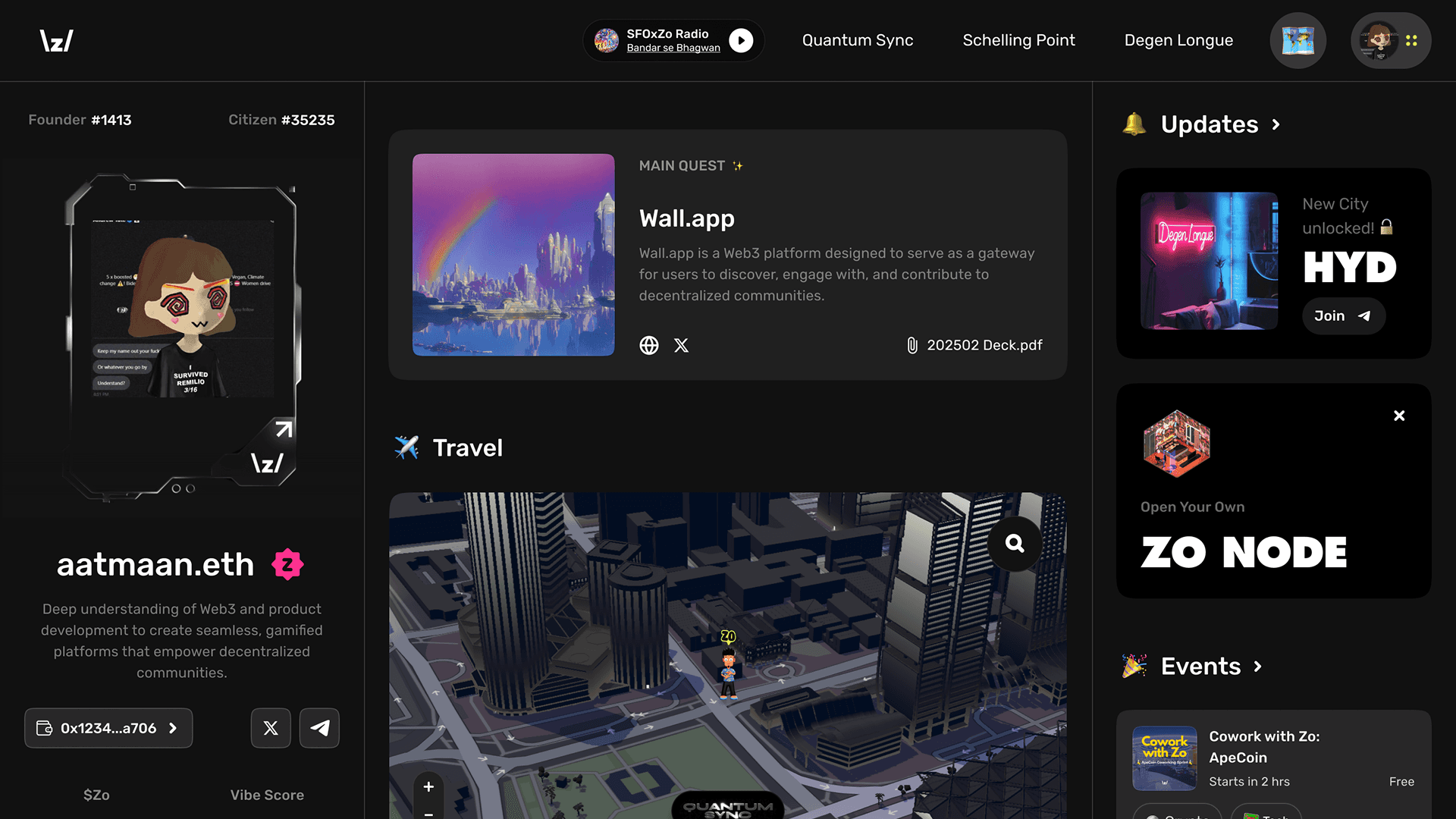 Zo World is a decentralized travel and lifestyle ecosystem that merges physical hospitality with Web3 technology to create a global community for digital nomads and creators. The platform offers "Zo Houses"—tech-enabled clubhouses and co-living spaces in cities like Bangalore and San Francisco—accessible via exclusive, fractional-ownership NFT memberships. By integrating travel planning, AI-driven personalization, and collaborative work zones, Zo World aims to redefine modern living through a borderless network rooted in connection and shared ownership.
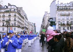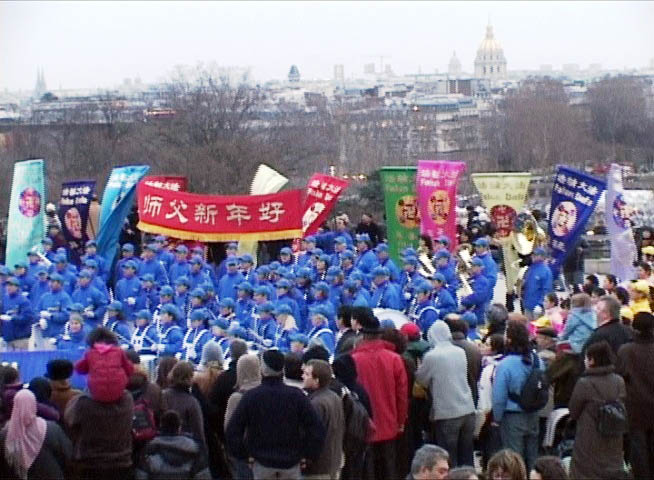 零七年一月一日下午,巴黎埃菲尔铁塔对面的广场举行了零六、零七巴黎游行节的表演活动,欧洲天国乐团是诸多表演团队中声势最大的——一百六十多人、成员来自国家最多——十几个国家、年龄跨度最大——从九岁儿童到七十高龄老翁、也是组建时间最短的乐队,但却得到最热烈的欢迎,欧洲乐团表演后,主持人高声说:谢谢法轮大法!接着法轮功学员又多次为观众演奏,里三层外三层的观众将乐团紧紧围着。
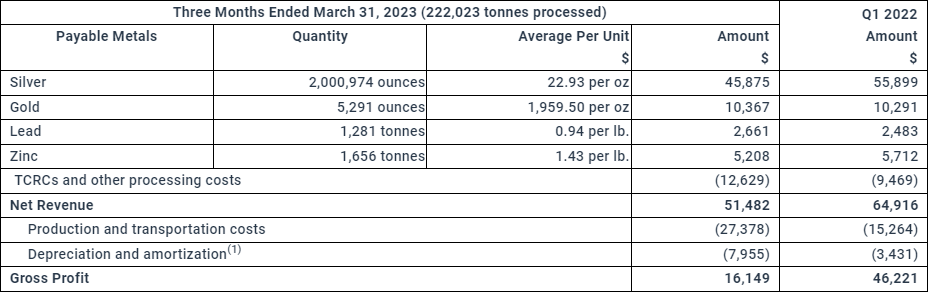 - pre-commercial production revenue (net of treatment and processing costs) totalled $51,482 for the quarter, less $27,378 in production and transportation costs and $7,955 in depreciation and amortization charges, netting $16,149 in gross profit by Juanicipio.

[What to produce] Wherever an image appears in the data, omit it and repeat everything else exactly.

[The completed task]
 Zo World is a decentralized travel and lifestyle ecosystem that merges physical hospitality with Web3 technology to create a global community for digital nomads and creators. The platform offers "Zo Houses"—tech-enabled clubhouses and co-living spaces in cities like Bangalore and San Francisco—accessible via exclusive, fractional-ownership NFT memberships. By integrating travel planning, AI-driven personalization, and collaborative work zones, Zo World aims to redefine modern living through a borderless network rooted in connection and shared ownership.
 零七年一月一日下午,巴黎埃菲尔铁塔对面的广场举行了零六、零七巴黎游行节的表演活动,欧洲天国乐团是诸多表演团队中声势最大的——一百六十多人、成员来自国家最多——十几个国家、年龄跨度最大——从九岁儿童到七十高龄老翁、也是组建时间最短的乐队,但却得到最热烈的欢迎,欧洲乐团表演后,主持人高声说:谢谢法轮大法!接着法轮功学员又多次为观众演奏,里三层外三层的观众将乐团紧紧围着。
 - pre-commercial production revenue (net of treatment and processing costs) totalled $51,482 for the quarter, less $27,378 in production and transportation costs and $7,955 in depreciation and amortization charges, netting $16,149 in gross profit by Juanicipio.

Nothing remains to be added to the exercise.